Abstract
George Wilson has defended the thesis that even impersonal third-person fictional narratives should be taken to contain fictional narrations and have fictional narrators. This, he argues, is necessary if we are to explain how readers can take themselves, in their imaginative engagement with fictions, to have knowledge of the things they are imagining. I argue that there is at least one class of impersonal third-person fictional narratives—thought experiments—to which Wilson’s model fails to apply, and that this reveals more general problems with his argument. I further argue that there is no good reason to think that Wilson’s account applies more restrictedly to those impersonal third-person fictional narratives that feature in standard works of literary fiction.
Notes
For a critical survey of the literature on the nature of fiction, see Chap. 3 of my 2007a.

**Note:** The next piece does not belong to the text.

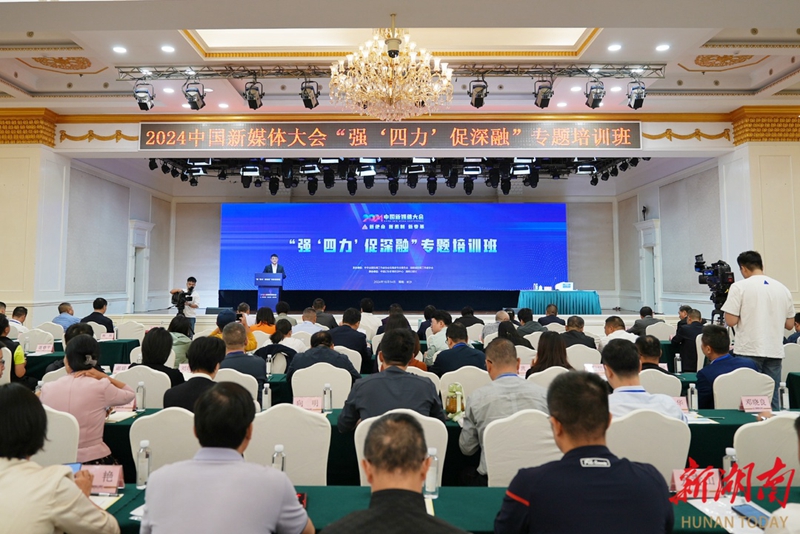 10月14日,2024中國新媒體大會“強‘四力’促深融”專題培訓班在長沙開班。培訓班為期一天,湖南省直媒體、市州媒體、縣級融媒體中心及省外縣級融媒體中心、新聞單位新媒體部門負責人和采編一線記者共260人參加。

It is interesting to note that philosophical thought experiments often require the reader to imagine something happening either to herself or to the author of the experiment (e.g. Searle’s ‘Chinese Room’, or Parfit’s ‘My Division’). But, again, this is rhetorical in purpose, and the thought experiment would remain intact if formulated in terms of a relatively undeveloped fictional subject. Some philosophical thought experiments are indeed formulated in such terms, for example Putnam’s ‘Twin Earth’ thought experiments.
For a critical overview of work on thought experiments in science, see my 2007b. In the case of perhaps the most famous scientific thought experiment, Galileo’s ‘Tower’ experiment, the thought experiment is presented in the context of a fictional exchange between two characters, Simplicio and Salviati, the former representing the Aristotelean view and the latter representing Galileo himself (Galilei 1989). So it is indeed fictional that someone presents the thought experiment. But there is no obvious need for a fictional narration in Wilson’s sense, since there is no need for us, as readers, to imagine that Salviati intends Simplicio to imagine that he (Salviati) presents the thought experiment as actual, or for us to imagine that Simplicio indeed responds with such an imagining.
On p. 37 of his 1994, Walton considers a story which contains the following sentence: “In killing her baby, Giselda did the right thing; after all, it was a girl.”